Oh, politicians, environmentalists, and their choo-choo trains.
Over in the New York Times, Jason Plautz of Greenwire tries to compare Obama’s bullet train to Eisenhower’s push for an interstate highway system.
The piece quotes Federal Railroad Administration chief Joe Szabo as saying, “In the 20th century, our vision led to the Interstate Highway System. In the 21st century, our vision will give us a world-class network of high-speed passenger rail corridors.”
The article goes on to hit all the normal buttons: how trains will help us reduce our dependence on oil and cut carbon emissions; how it would put people to work; and how it would boost commerce and improve the economy. It also draws all sorts of parallels between the interstate highway systems beginnings and Obama’s work in trying to get high speed rail started. For example, the article talks about how Eisenhower was “amazed” at the autobahn and then goes on to quote Obama’s speech where he talks about how great high-speed rail and public transportation is in other countries and how we don’t have it here.
Jason, Joe, and Barry, we have some news for you: Railroads are not highways. And Ike didn’t push for an interstate highway system because of jobs or commerce.

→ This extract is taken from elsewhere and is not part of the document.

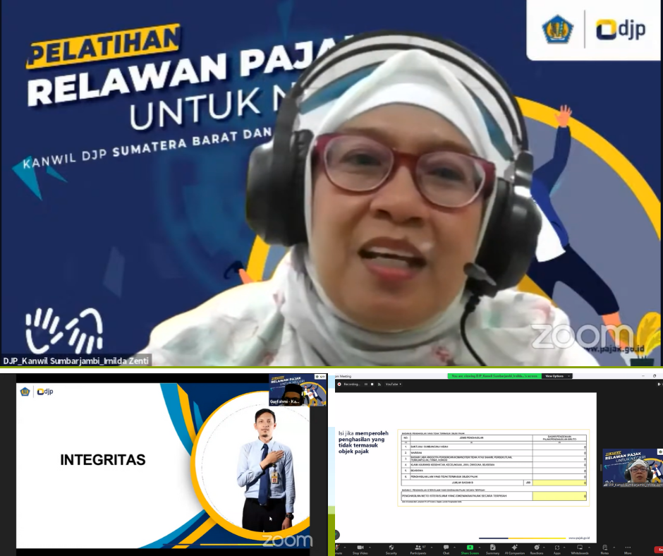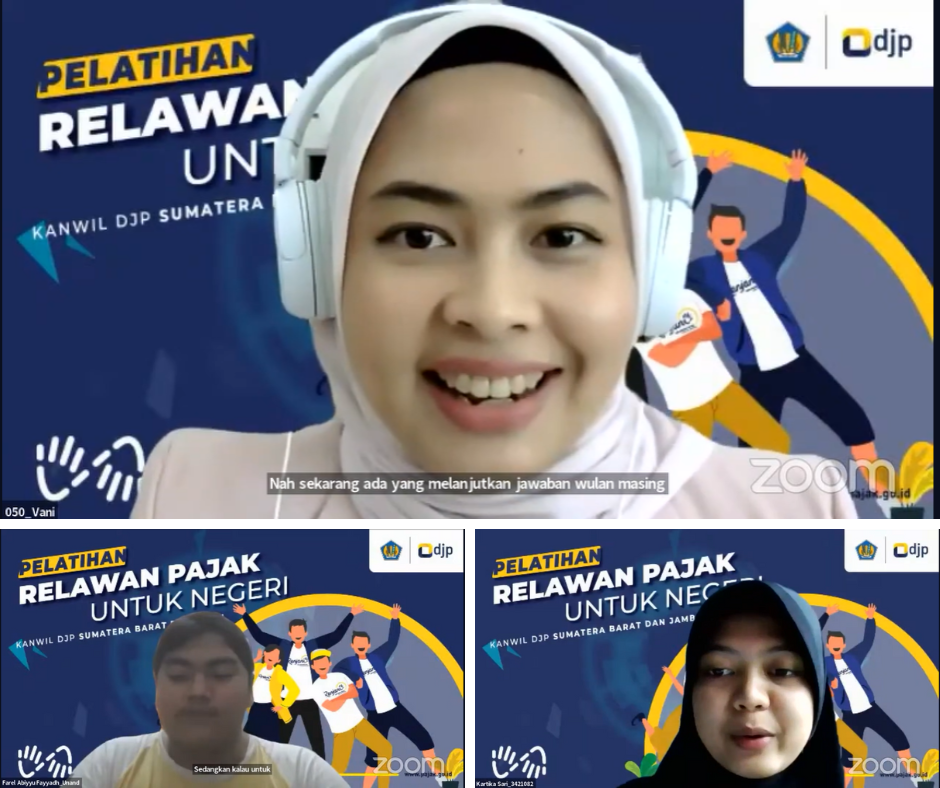 Kantor Wilayah DJP Sumatera Barat dan Jambi (Kanwil DJP Sumbarja) mengadakan pelatihan relawan pajak tanggal 29 dan 30 Januari 2024 dengan melibatkan 174 mahasiswa secara daring melalui aplikasi Zoom Meeting dan Kanal Youtube Kanwil DJP Sumbarja (Senin, 5/2).

Conveniently left out of the article was the fact that when Eisenhower was a wartime general in Europe, he noted how the autobahn allowed the Germans to move troops and supplies even when we had bombed out their trains. Trains, he noted, were single points of failure, where one bombed out bridge or junction would bring the entire system to a halt. As president, Eisenhower was faced with the Soviet threat and the Cold War. He knew that if the Soviets were able to take out a few strategic points in the United States, we would be incapable of effectively waging a war. As such, he pushed for the interstate system to be built. The economic benefits of the interstate system were not the intent, but a by-product. Eisenhower and his team realized that what was good for the military would also be good for the economy, so they used that to package the program and — in good fiscal policy — made sure the project was budget neutral. (A far cry from the billions in subsidies and stimulus grants the federal government spends on passenger rail already.)
We migrated away from trains in this country because the interstate highway system was better. We already had a passenger rail system in this country in 1950, but the numerous advantages of the highway system beat the rail system in the marketplace, and passenger rail has taken its proper place in the back seat of the family car… on the hump. The interstate system allowed faster speeds, less cost, more convenience, fewer and shorter delays, and more freedom than the passenger rail system.
Everyone who champions passenger rail in this country forgets one important principle of the cars-versus-trains debate: Americans love their cars because cars are the embodiment of freedom and independence. It’s in our blood. And no amount of federal subsidies can take that spirit away.